(Data shown)

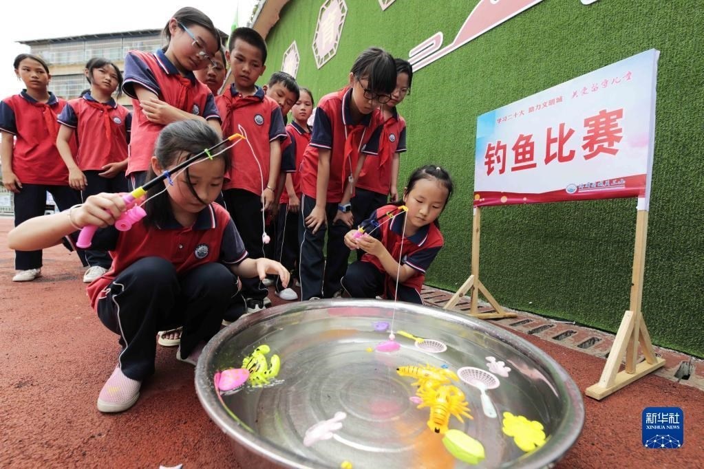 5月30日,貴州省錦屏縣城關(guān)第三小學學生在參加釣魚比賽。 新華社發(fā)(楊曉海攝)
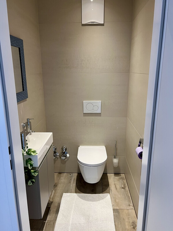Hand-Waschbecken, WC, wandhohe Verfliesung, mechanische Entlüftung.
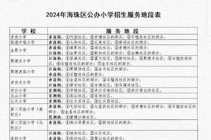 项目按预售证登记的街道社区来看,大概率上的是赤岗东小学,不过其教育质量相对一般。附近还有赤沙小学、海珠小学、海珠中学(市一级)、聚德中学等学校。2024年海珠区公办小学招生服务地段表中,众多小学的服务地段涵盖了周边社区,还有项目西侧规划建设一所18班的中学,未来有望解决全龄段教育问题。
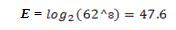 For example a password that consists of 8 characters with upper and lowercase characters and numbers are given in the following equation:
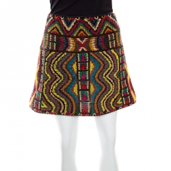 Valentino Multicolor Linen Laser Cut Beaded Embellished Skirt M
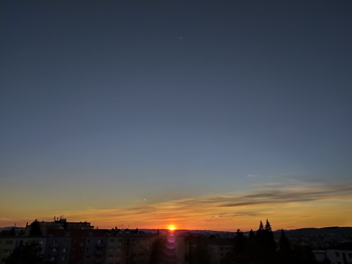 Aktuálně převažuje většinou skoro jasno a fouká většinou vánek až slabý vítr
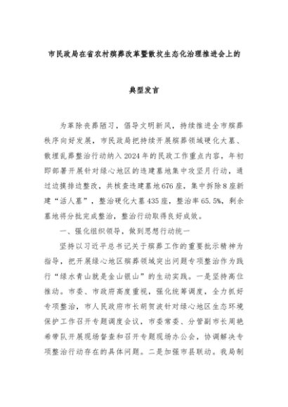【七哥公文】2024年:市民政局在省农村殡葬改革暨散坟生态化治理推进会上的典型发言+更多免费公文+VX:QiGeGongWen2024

(End Data shown)

◆ **Work item**
Restate word for word the lines from the one with "Valentino Multicolor Linen" to the end of the material, both included. Do not include the pictures.

◆ **Response area**
 Valentino Multicolor Linen Laser Cut Beaded Embellished Skirt M
 Aktuálně převažuje většinou skoro jasno a fouká většinou vánek až slabý vítr
【七哥公文】2024年:市民政局在省农村殡葬改革暨散坟生态化治理推进会上的典型发言+更多免费公文+VX:QiGeGongWen2024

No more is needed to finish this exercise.